Anecdotally, the project “feels” successful, Dr. Klitzner said. He mentioned the unexpected ripple effect the program, just 1 year into its 5-year Healthy Tomorrows Partnership for Children Program grant from the AAP. Exposure to the medical home mentality, it seems, has made primary care providers, specialists, ancillary health care professionals, and even administrative personnel more attuned to the auxiliary needs of all patients, not just those enrolled in the medical home project.

“Throughout the medical center, we've seen a diffusion of the medical home concept, even though the project itself is small and reaches only a small percentage of eligible patients. There's been an enhancement of translation services, cultural sensitivity, electronic medical records for care coordination, discharge planning, and an overall awareness that patients are more than their illness.”

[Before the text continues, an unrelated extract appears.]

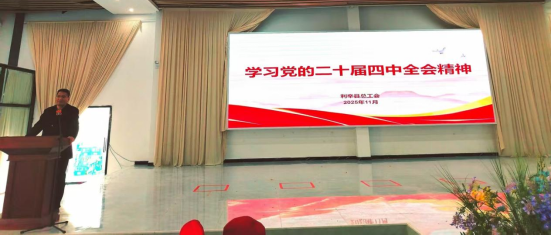 2025年11月12日,在利辛县胡集镇举办的2025年利辛县农村移风易俗现场观摩会暨主题宣传月活动期间,县总工会代洪富代表工会组织参会,并以此次活动为契机,面向现场基层职工代表、干部群众开展党的二十届四中全会精神专题宣讲,将理论学习与文明乡风建设深度融合,推动全会精神在农村一线落地生根。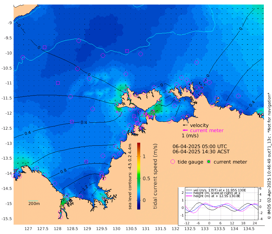 72cm/s 78T +4cm/s rms + 6cm/s 51T. Darwin_C1 52m 59cm/s 92T +4cm/s rms + 7cm/s -161T. Darwin_CW1 22m 26cm/s 74T +4cm/s rms + 8cm/s 61T. Darwin_CW2 34m 44cm/s 44T +3cm/s rms + 9cm/s 98T. Darwin_CW3 22m 43cm/s 91T +5cm/s rms + 7cm/s 88T. Darwin_C3 56m 43cm/s 67T +2cm/s rms + 9cm/s -126T. Darwin_CTbW 22m 2cm/s 55T +9cm/s rms + 2cm/s -110T. NWSLYN 196m 3cm/s -27T +1cm/s rms + 1cm/s -47T. DARBGF 30m 2cm/s -41T +7cm/s rms + 2cm/s -137T. ITFTIS 464m 3cm/s -155T +9cm/s rms + 1cm/s 74T. ITFMHB 146m 5cm/s -55T +4cm/s rms + 1cm/s -134T. ITFJBG 61m 5cm/s -60T +6cm/s rms + 4cm/s 121T. ITFFTB 108m 6cm/s -35T +4cm/s rms + 3cm/s 80T. NRSDAR 19m 85cm Carronade Island 86cm Guy Point 93cm Napier Broome Bay 94cm Lesueur Island 106cm Reveley Island 74cm Rocky Island 145cm Cape Domett 140cm Lacrosse Island 143cm Adolphus Island 168cm Pender Point 178cm Wyndham 37cm The Boxers 27cm Unnamed Shoal 7cm Loxton Shoal 131cm Pelican Island 23cm Calder Shoal 2cm Evans Shoal 168cm Quoin Island 116cm Port Keats 111cm Jones Point 211cm Catfish Island 79cm Cape Scott Offshore 80cm Cape Ford 76cm Anson Bay -2cm Goodrich Bank 67cm Peron Island North 76cm Point Jenny 74cm Native Point 76cm Fish Reef 78cm Tapa Bay 38cm Point Fawcett (Offshore) 88cm Burge Point 61cm Munkunuwa 68cm Beagle A 68cm Parsons Bank 85cm Fenton Patches -5cm Lynedoch Bank 75cm Hancox Shoal Area 84cm Nightcliff 81cm Darwin 71cm Charles Point Patches 87cm Glyde Point 107cm Chambers Bay 112cm Point Stuart 86cm Cape Hotham 101cm Christine Reef 125cm West Alligator Head 135cm East Field Island 86cm Two Hills Bay 64cm Newby Shoal 83cm Camp Point 69cm Medina Inlet South 14cm South Barlow Point 14cm St. Asaph Bay -3cm Cape Van Dieman -7cm Snake Bay 6cm Cache Point 9cm Echo Shoal 11cm Point Jahleel (Off) 34cm Cape Don 2cm Port Essington 2cm Smith Point - West -2cm NW Peacock Island -3cm North Of Jones Shoal -2cm Peacock Island -4cm Point David -4cm D'urville Point -5cm Money Shoal -4cm Copeland Island 1cm Cape Cockburn -1cm One Tree Point 6cm Hogmany Shoal 3cm New Year Island - West 2cm Grant Island 6cm Aurari Bay 16cm Cuthbert Point 9cm North Goulburn Island 26cm Paxie Shoal 27cm Entrance Island 30cm Yabooma Island

Similarly, the residency programs have been touched.

“In our round of interviews for [pediatric] cardiology fellows, two or three of the interviewees asked about the medical home project. The fact that there's this awareness of the project and this recognition that it's a good thing is very gratifying,” Dr. Klitzner said.

And of course, there are stories like that of the teenaged mother. “She faces a lot of challenges, but because of her child's medical home, she had the confidence to take her baby home and give it a try. That's not a guarantee that everything will work out, but still, the fact that a small pilot program can have that effect is a huge payoff,” he said.